In Job, chapter fourteen, verse fourteen, the servant of God believed that after he died, as in verse thirteen, God would call him out again, as in verse fifteen, First Corinthians fifteen, verse twenty, and First Thessalonians four, verses sixteen through seventeen. In other words, Job expressed hope in a personal resurrection. The basis for this hope-filled expectation was God’s love for His people.
The following verse connects to the theme under Job’s reply that began in chapters twelve through fourteen, “Thou shalt call, and I will answer thee: thou wilt have a desire to the work of thine hands.” For a brief moment, Job reached out to God with a towering expression of faith.
If a man dies, shall he live again? – This is a sudden transition in the thought. He had unconsciously worked himself up almost to the belief that man might live again on the earth. He had asked to be hiding somewhere – even in the grave – until the wrath of God passes, and then that God would remember him and bring him forth again to life. Here, he checks himself. It cannot be, he says, that man will live again on the earth. The hope is visionary and vain, and I will endure what is appointed for me until some change shall come. The question “shall he live again?” He will not live on earth again. Therefore, any hope of that kind is vain, and I will wait until the change comes – whatever that may be.

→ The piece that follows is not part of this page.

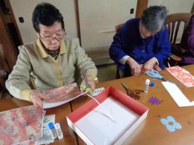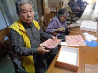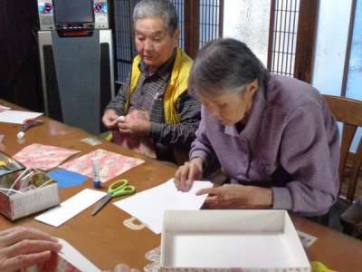 こちらのテーブルでは販売する商品をディスプレイする箱作り

Will wait, Job will endure with patience my trials. I will not seek to cut short the time of my service. Till my change comes: What this should be, he does not know. It might be relief from suffering, or it might be happiness in some future state. At all events, this state of things could not last under his heavy pressure. He was sure of one thing that life passes over, but once, that man could not go over the journey again, that he could not return to the earth and go over his youth or age again.